Precision, recall, F1, ROC, and AUC

That's a lot of terminology in this section title! We'll break it down piece by piece and gradually move from the confusion matrix concept we just introduced to the AUC metric.

The number of true positive (tp), false negative (fn), and false positive (fp) values defined in the previous section are used to define the precision and recall values as follows:

$in precision = \frac{tp}{tp+fp}$in

$in recall = \frac{tp}{tp+fn}$in

Recall is also referred to as the true positive rate as it measures the fraction of positive labels that were corrected identified as positive. It is also referred to as sensitivity. Precision and Recall are useful metrics to use in imbalanced datasets to understand the performance of your classifier.

Precision is best used when it is important to not have false positive values, such as if a job could be lost due to the outcome of the model, in this instance we'd want to limit the number of positive predictions that were incorrect.

Recall, on the other hand, is useful when it is more important to classify all the positive labels than it is to incur a few false positives, such as detecting fraudulent bank transactions.

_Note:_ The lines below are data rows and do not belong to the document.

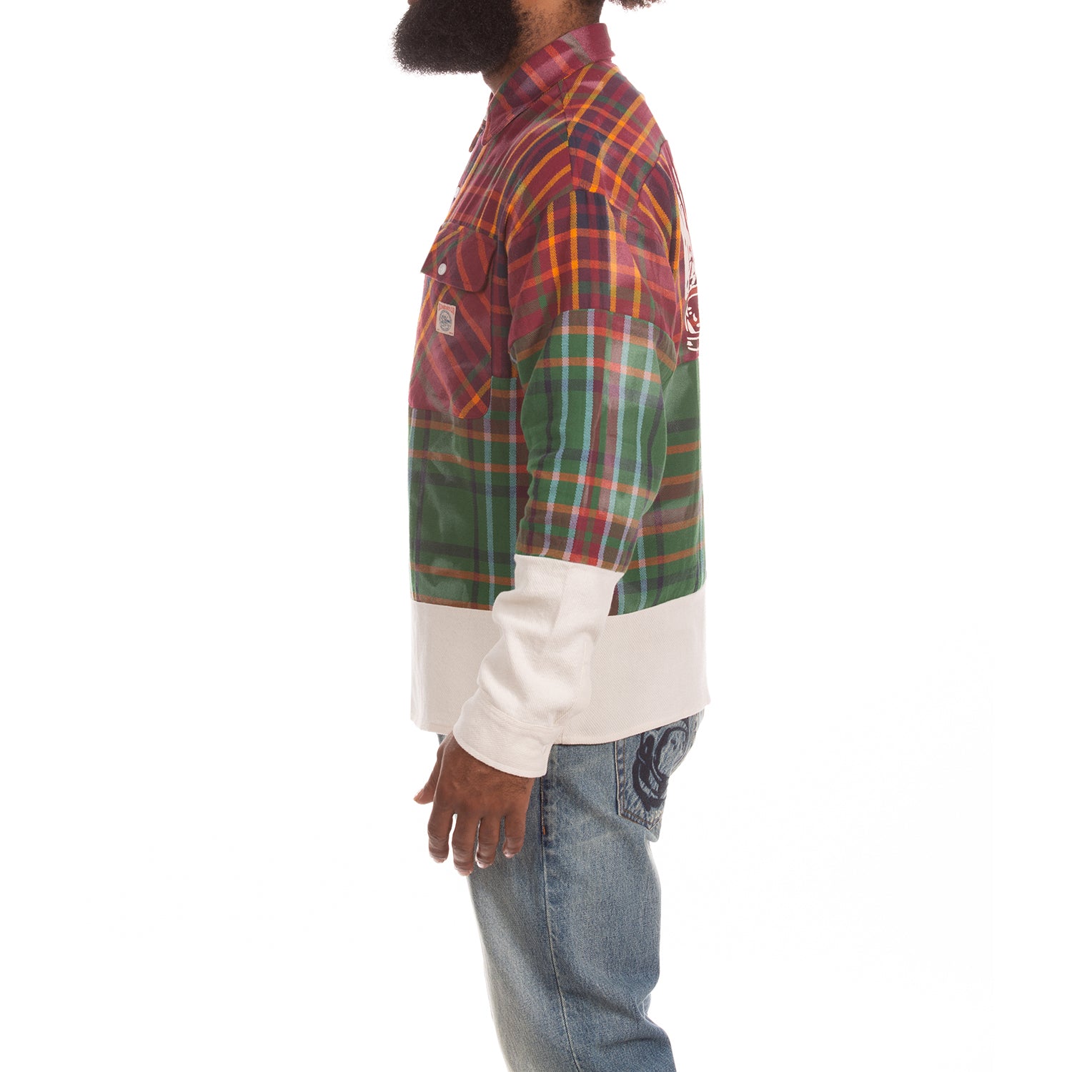 - This BBC woven LS features a unique tri-colour design all over, (Pattern may vary), a button closure front, a collar, two button closure chest pockets, a collar, and the BBC brand name on the back side. The buttons are different colours in real life than shown in the full torso frontal images: They used to be white and are now brown.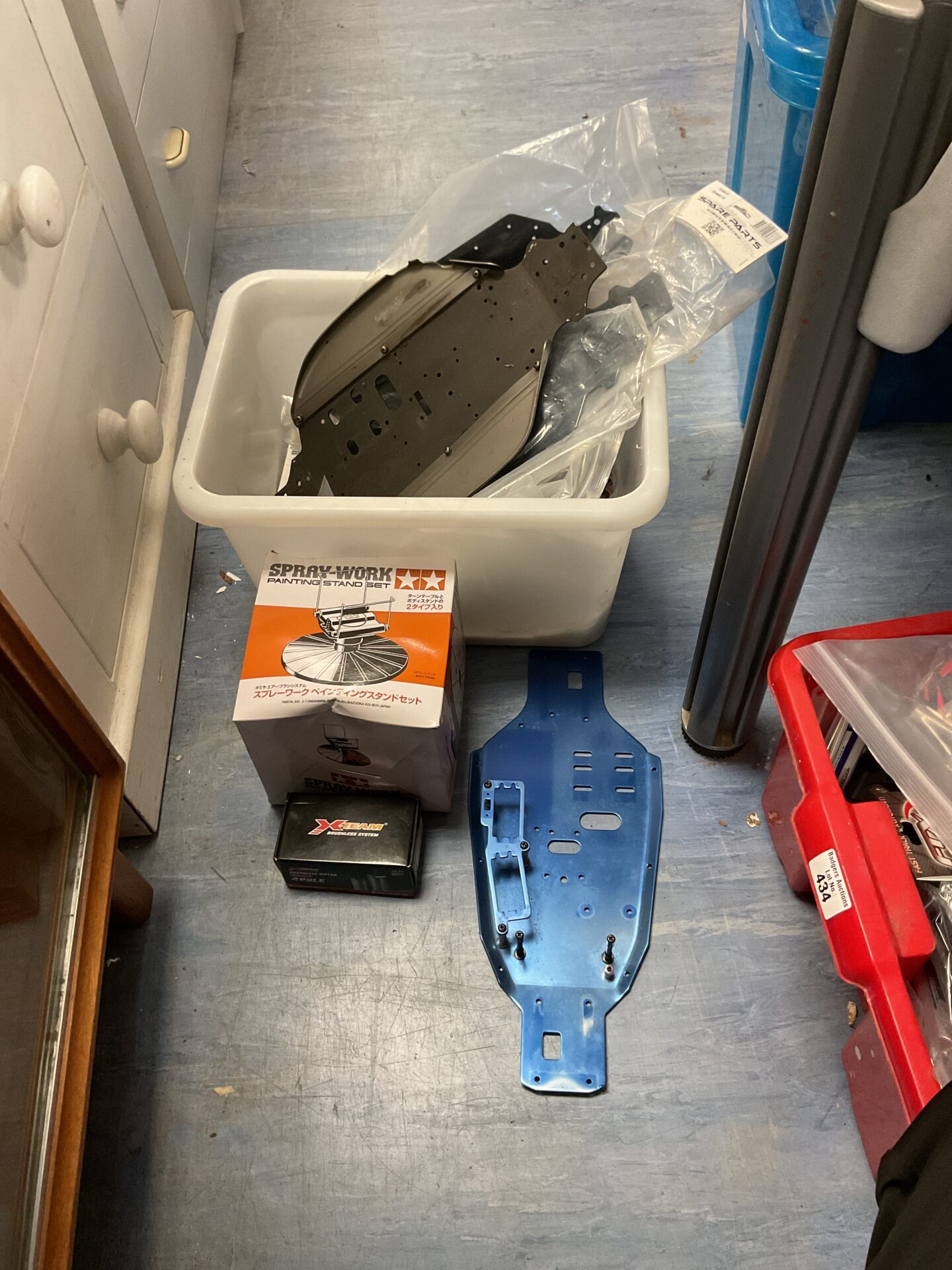 This lot contains a collection of Tamiya RC car parts and accessories, including what appears to be a spray painting stand. The stand is designed to hold RC car bodies during the painting process, ensuring even coverage and a professional finish. This is a useful addition for any RC hobbyist looking to customize and maintain their vehicles.
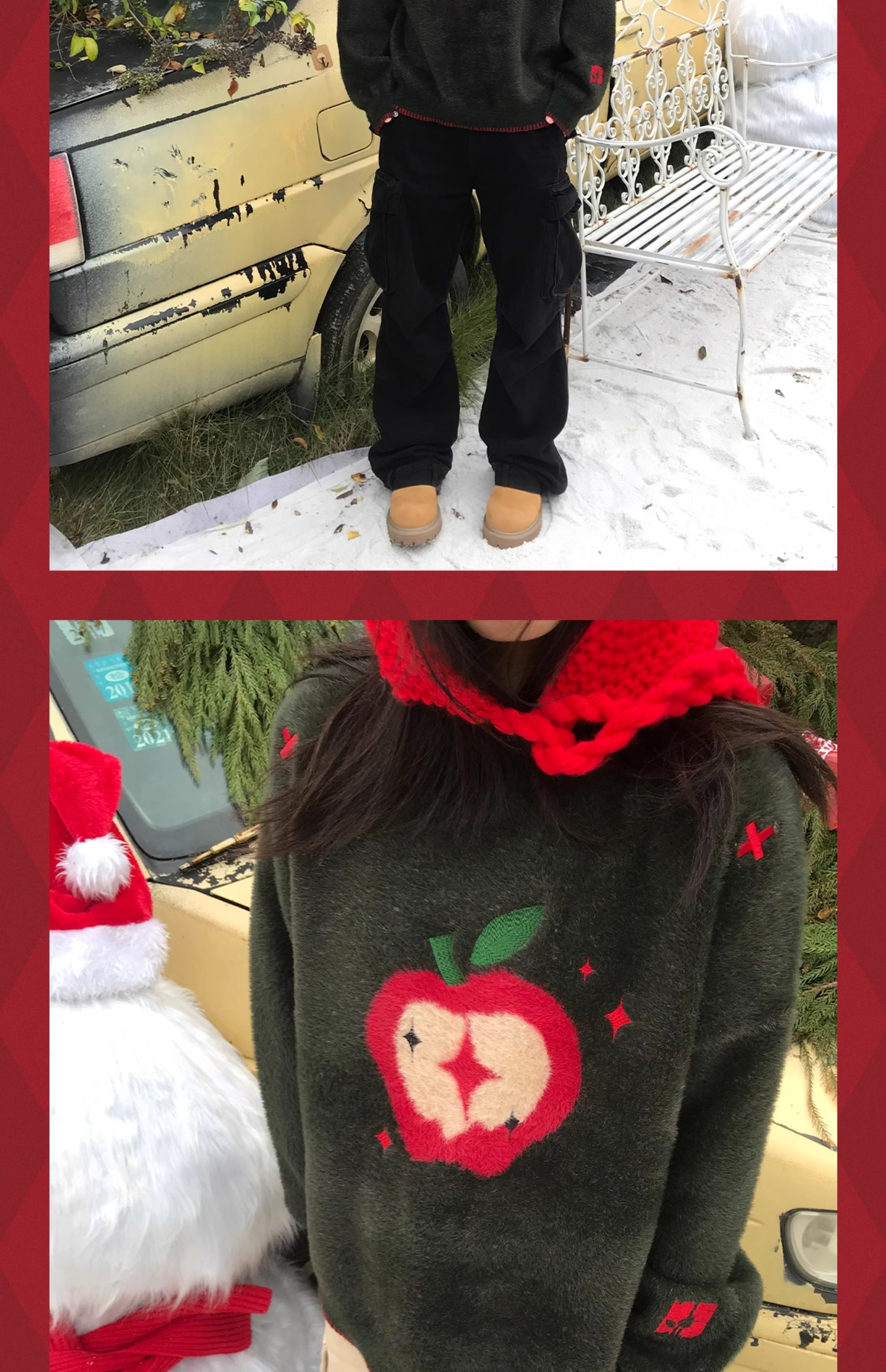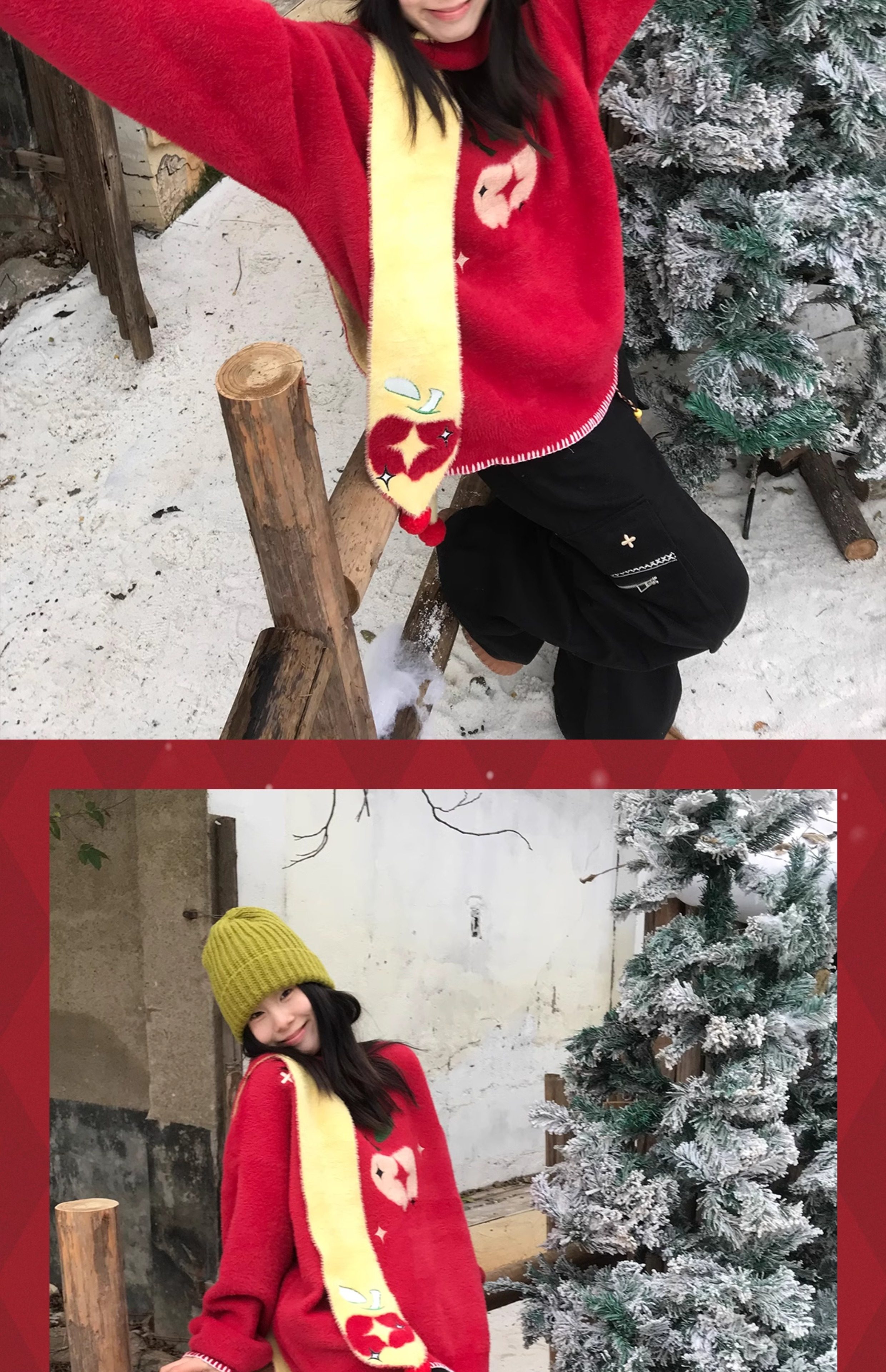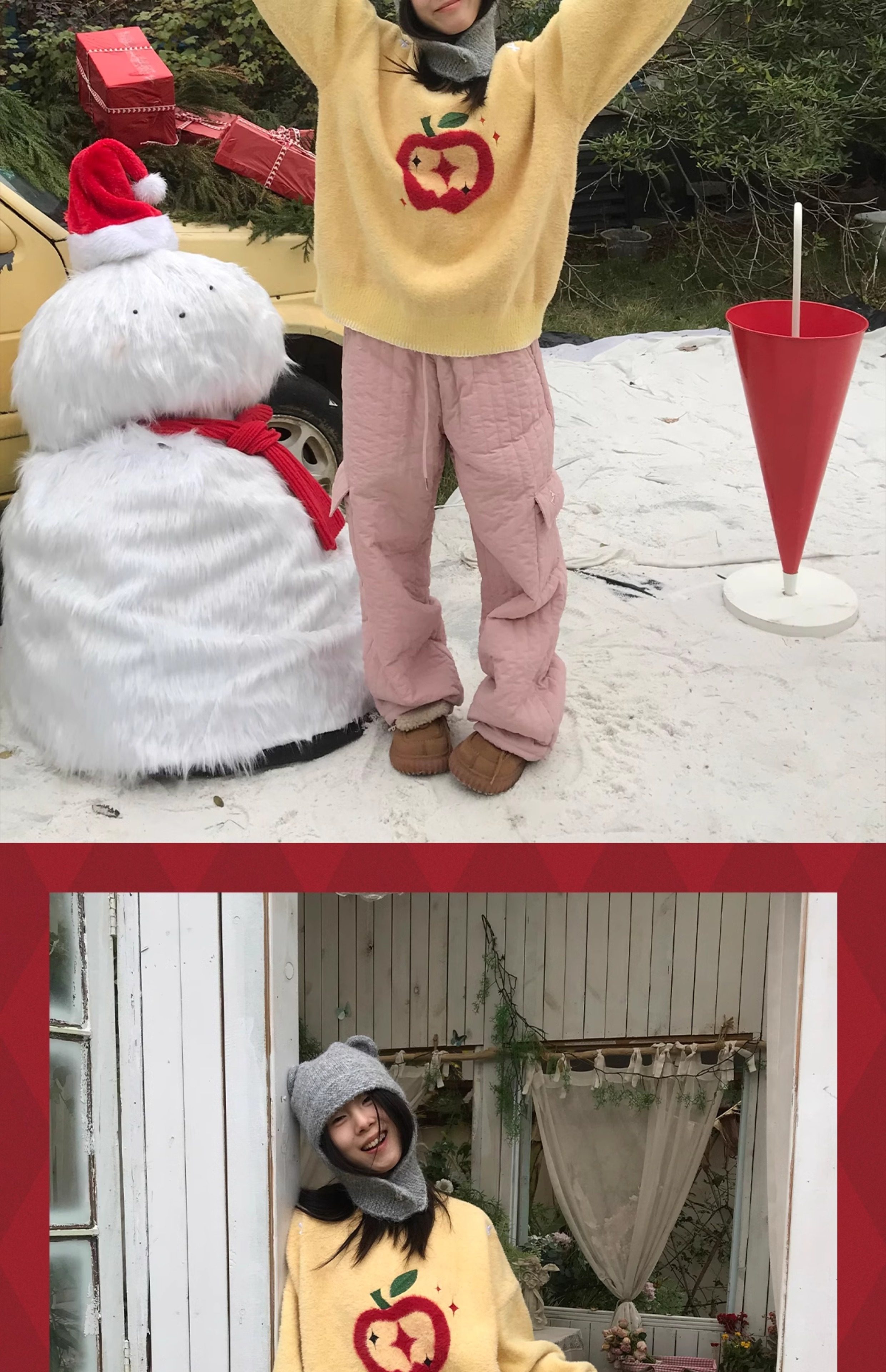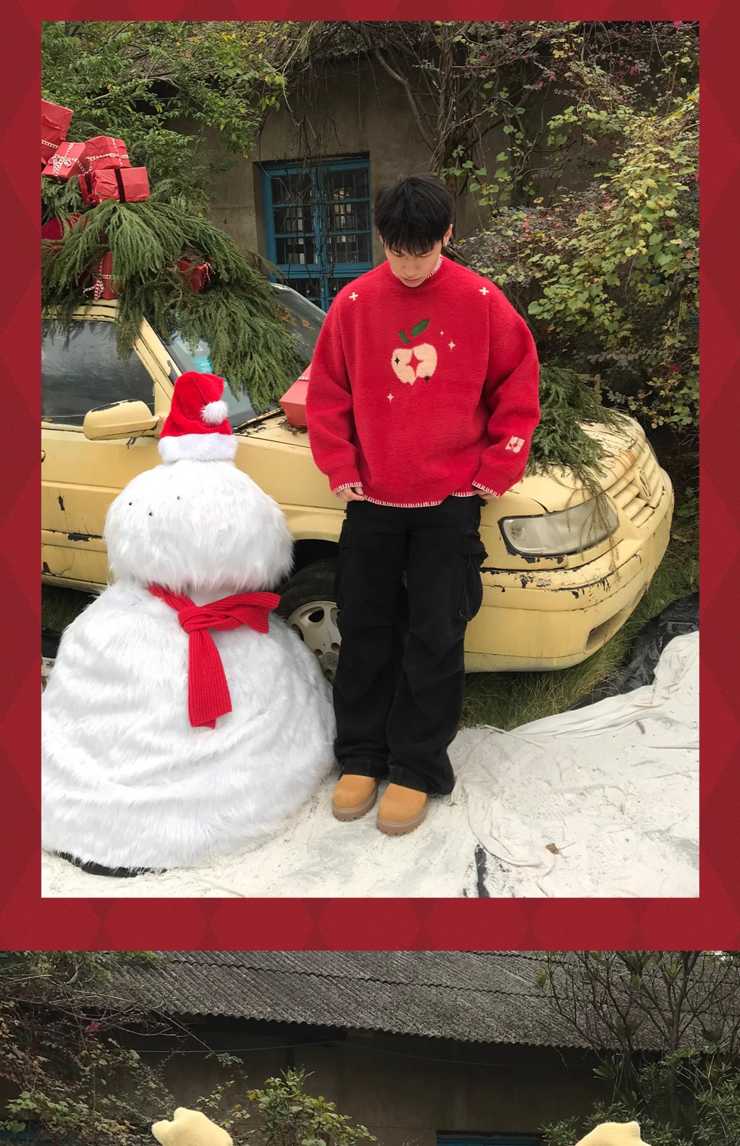 Nstnew Start Germination Project 2025 New Year Limited Edition Apple Loose Soft Lazy Round Neck Pullover Sweater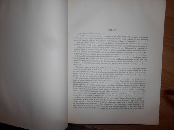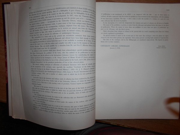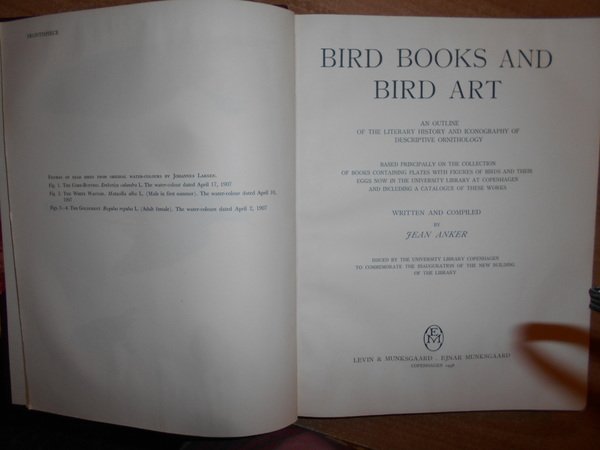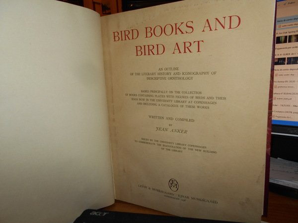 JEAN, ANKER. Copenhagen, Levin & Munksgaard - Ejnar Munksgaard, 1938. BIRD BOOKS AND BIRD ART. An outline of the Literary History and Iconography of descriptive Ornithology. Edizione originale. In-4°, m. marocchino con larghe punte, dorso a nervi con titolo in oro, copertine originali conservate. XVIII, 251 pp. con numerose illustrazioni in tavole fuori testo a colori e in bianco e nero. Perfetto esemplare in legatura di pregio. Uff. D - I - 6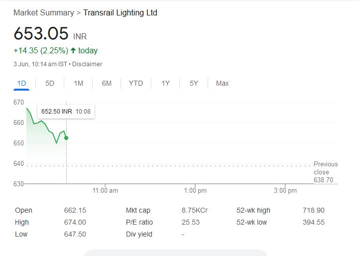 ट्रांसरेल लाइटिंग का आईपीओ दिसंबर 2024 में आया था, जिसकी इश्यू प्राइस 432 रुपये प्रति शेयर थी। लिस्टिंग के दिन ही शेयर ने शानदार शुरुआत करते हुए 590 रुपये तक की छलांग लगाई। 2 जून को यह शेयर 4.8% की तेजी के साथ 637.75 रुपये पर बंद हुआ था, जबकि आज 3 जून की सुबह 10:14 बजे यह 2.25% चढ़कर 653.05 रुपये पर ट्रेड कर रहा है।
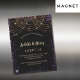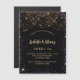 Para um doce elegante 16, 16 anos. Um fundo na moda preto. Decorado com pó de ouro falso roxo e poeira de luz ouro. Personalize e adicione um nome, idade e detalhes da festa. O nome é escrito com um script de estilo manuscrito

We have just outlined how, in different situations, precision or recall can be the more important metric. However, in an endeavour to provide a single metric to define the performance of a classifier, the F1 metric was created which is the harmonic average of the precision and recall and is defined as:

$in F1 = 2\frac{precision * recall}{precision + recall} $in

Another problem that you may have noticed with precision, recall, and the F1 score is that if you swap the positive and negative labels when you have imbalanced datasets then the classifier will have different recall, precision, and F1 scores. A possible way to avoid this is to always use make sure that the minority class is the positive label. Proposed alternatives have also included taking into account all sectors of the confusion matrix such as using a P4 score which uses the precision and recall as well as the specificity and negative prediction value (NPV) metrics also:

$in specificity = \frac{tn}{tn+fp} $in
$in NPV = \frac{tn}{tn+fn} $in
$in P4 = \frac{4}{\frac{1}{precision} + \frac{1}{recall} + \frac{1}{specificity} + \frac{1}{NPV}} = \frac{4}{}$in

Another parameter which can affect the precision and recall values is the threshold used to classify the class labels. If the threshold, a value between 0 and 1, is set to 1 then every value is classified as the negative class, and if the threshold is set to 0 then every example is classified as the positive class. To understand how the threshold affects the performance of the model, the recall is plotted against the false positive rate (equal to 1-specificity). This plot is called the receiver operating characteristic curve. The ideal ROC curve for a perfect classifier would be a single point of recall 1 and false positive rate (1-specificity) of 0. A random guess of the classification, at least for a very large number of samples and in a balanced dataset, would approach a y=x line in this plot

We noted that the perfect classifier would have a false positive rate (FPR) of 0 and a recall of 1 but this is for any reasonable threshold used in the classification. The ROC curve will also plot any unreasonable classification thresholds as well, such as positive and negative infinity. For these extremes threshold values either non or all of the values will be classified positive respectively. This means that our perfect model would also plot at (0,0) and (1,1) on the ROC plot as well. This would give an area under this curve of 1. A random guess at the classification, under the assumption of a balanced dataset, would be 0.5. So, although the curve itself only gives a visual cue of the performance of the model for various thresholds, we can use this plot to define a metric to quantitatively describe the performance of our classifier by measuring the area under the curve. This is known as the ROC AUC, or simply AUC, where AUC stands for "area under curve". The closer the value to 1, the better the performance fo the classifier.